Editor’s note: This is an opinion piece by Vince Patton, a retired journalist from OPB who first met Bob Sallinger when covering the environment for KGW-TV and found him invaluable for other stories at OPB’s “Oregon Field Guide.” Sallinger died Thursday at 57.
Oregon knows Bob Sallinger as one of the state’s most persistent environmental advocates and a fierce defender of wildlife losing ground to human impacts.
I remember him as the Falcon Father.
Peregrine falcons made an enormous comeback in our region thanks to efforts he led as the conservation director of Portland Audubon (now Bird Alliance of Oregon). After nearly being wiped out by DDT, falcons steadily returned and became experts at nesting on human structures. He tracked how well they did, and in one circumstance made sure chicks survived.
A more than $30 million repair project on the St. Johns Bridge in Portland threatened a falcon nest with two chicks in it. Bob decided he had no choice but to make an extreme intervention. He called it an unavoidable “last resort” to keep the birds alive.
Fortunately, Bob was a climber with no fear of heights (or at least none he ever admitted to).
He climbed the girders to the nest, scooped the chicks out to safety and took them to the Audubon Wildlife Care Center. There his team went to extraordinary lengths to make sure the chicks did not imprint on the human caretakers.

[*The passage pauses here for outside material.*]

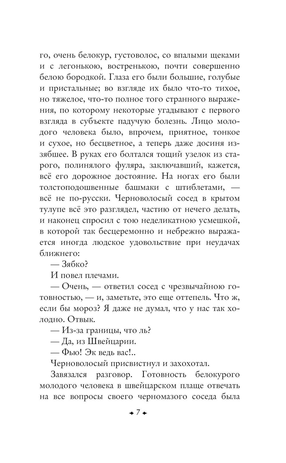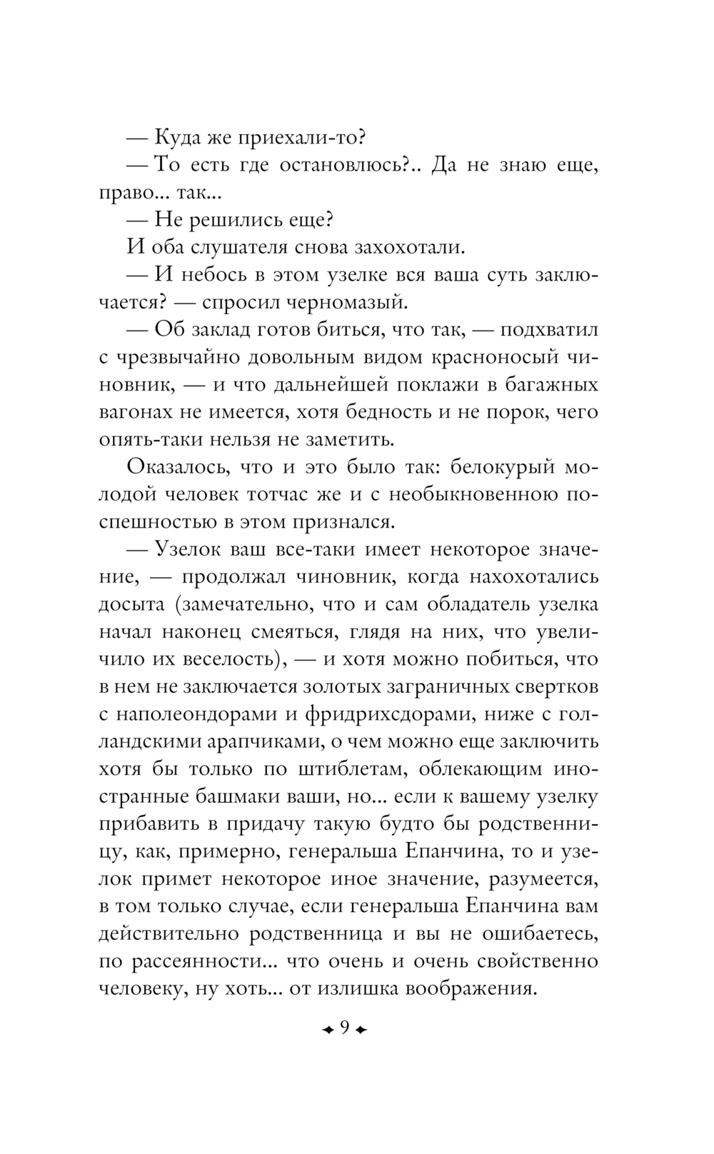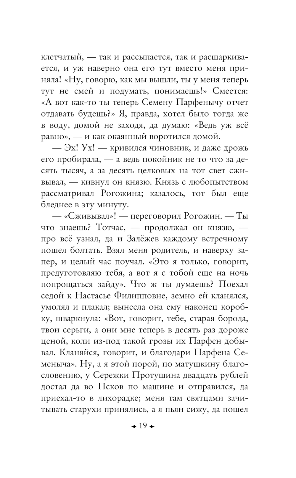Такие насыщенные сюжеты всегда "обречены" вызывать в читателе автоматический эффект присутствия. Секрет не только и не столько в событийных перипетиях, сколько в великолепно выписанных персонажах и электрических разрядах между ними. Суммой всех слагаемых становится превращение эффекта присутствия в "эффект соучастия": погружаясь в роман, вы становитесь сначала невидимым свидетелем событий, а потом сживаетесь с главным героем так прочно, что смотрите его глазами и меряете его мир биением собственного сердца. И тогда возникает главный вопрос: как выжить в этом мире, который казался вымышленным и вдруг стал таким реальным, и как здесь не сойти с ума. В конце концов, может ли общество определять степень чьей-то "нормальности"? Вообще, кто из нас князь Мышкин?

The birds stayed in a box. Their “adopted mother” was a puppet that looked like a falcon. It brought them food through a hole in the box disguising the hands of their feeders. The chicks stayed wild and wary of humans, which is just what the caretakers wanted.
WATCH: Bob Sallinger spoke on OPB’s “Oregon Field Guide” in 2010 about his effort to track falcons in the Portland area.
Once grown enough, Bob took the young falcons to Sauvie Island and carried them up to a box on a homebuilt “hack tower.” There they could finally see their surroundings and choose to fly when they were ready. When I joined him at the tower for a story for KGW, the falcons were gone. We may have missed our photo op by just a day, but Bob just beamed. “They’ve left the nest!” he chuckled. He had kept the chicks alive to fledge on their own.
His most unusual climbs were probably up the very side of the Trojan Nuclear Power Plant. First, to install a nest box platform so falcons would nest outside the tower, not inside. Then years later, soon before implosion of the tower, we watched him climb Trojan one last time to dismantle the nest box after that year’s fledglings had left.
Later at OPB’s “Oregon Field Guide,” I followed Bob on an actual bridge climb. The Oregon Department of Transportation allowed Bob to lead us up stairs to the very top of the Interstate Bridge.
Once we were above the lift bridge’s counterweights, we crossed a catwalk to the west structure, and looked down to spot a falcon nest that has been home to chicks year after year.
Bob climbed down to it, checked on two healthy, caterwauling chicks and placed bands on their legs. Momma falcon squawked warily nearby. Bob knew that the only way to know if falcon numbers were improving was if the birds were trackable later.
Since the 1990s, Bob followed the progress of falcons nesting on rooftops near the Willamette River and on the Fremont, St. Johns and Interstate bridges. Nests proved so successful with so many fledglings, he even drew a large falcon family tree tracing the genealogy of dozens of birds.
The only name missing from the tree was their common adoptive father: Bob Sallinger.